Ippolitov-Ivanov had studied at the St. Petersburg Conservatory under the composer Nikolai Rimsky-Korsakov, a master of orchestration, whose style of beats and chimes is reflected in the songs of the Caucasian Sketches.

== Caucasian Sketches, Suite No. 1 ==

Caucasian Sketches, Suite No. 1, Op. 10 (1894) consists of four "songs" or parts. The suite begins with a vibrant song, In a Mountain Pass, which is characterized by a steady ambitious beat suggesting the steep Caucasus Mountains and makes one feel like a bird flying over them . The second song, In a Village, has a steady beat and becomes more vibrant near the end. The title of the third, In a Mosque, reflects the abundance of mosques in the once Turkish Caucasus and Circassian regions such as Adygea in Russia, and one can hear the Muezzin's call to prayer in the music. The most famous is the final piece, Procession of the Sardar, a title for a feudal lord, military commander, leader or dignitary historically used in the region.

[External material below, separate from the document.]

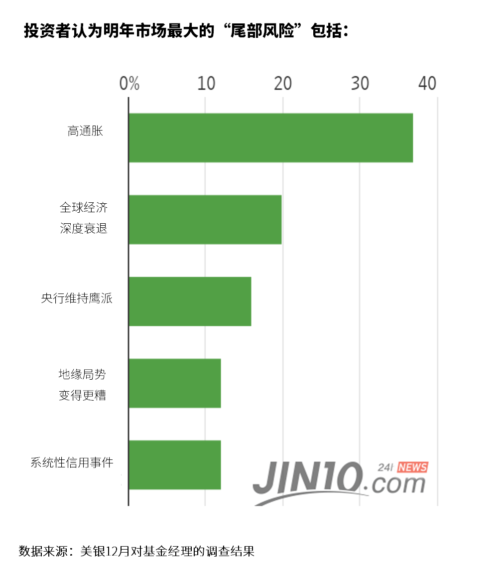 接受美国银行调查的基金经理表示,高通胀是市场的头号“尾部风险”,其次是全球经济深度衰退和央行保持紧缩货币政策。所谓的尾部风险,通常是投资者认为不太可能发生的负面事件。

== Caucasian Sketches, Suite No. 2 ==

Caucasian Sketches, Suite No. 2, Op. 42 Iveria (1896) was written after the composer moved to Moscow. The suite contains an introduction and four sketches. The first sketch is the tantalizing, oppressive Lamentation of Princess Ketevana. It is followed by Berceuse (French for lullaby). Then comes Lesghinka, a manic song that becomes rambunctious near the end. And the final sketch is the Georgian March, a very lively song which sounds like a military march and makes much use of the woodwinds and chimes.

Suite No. 2 is also called Iveria (Iberia), the name given by the Greeks and Romans to the ancient kingdom of Kartli, corresponding roughly to the eastern and southern parts of the country of Georgia today.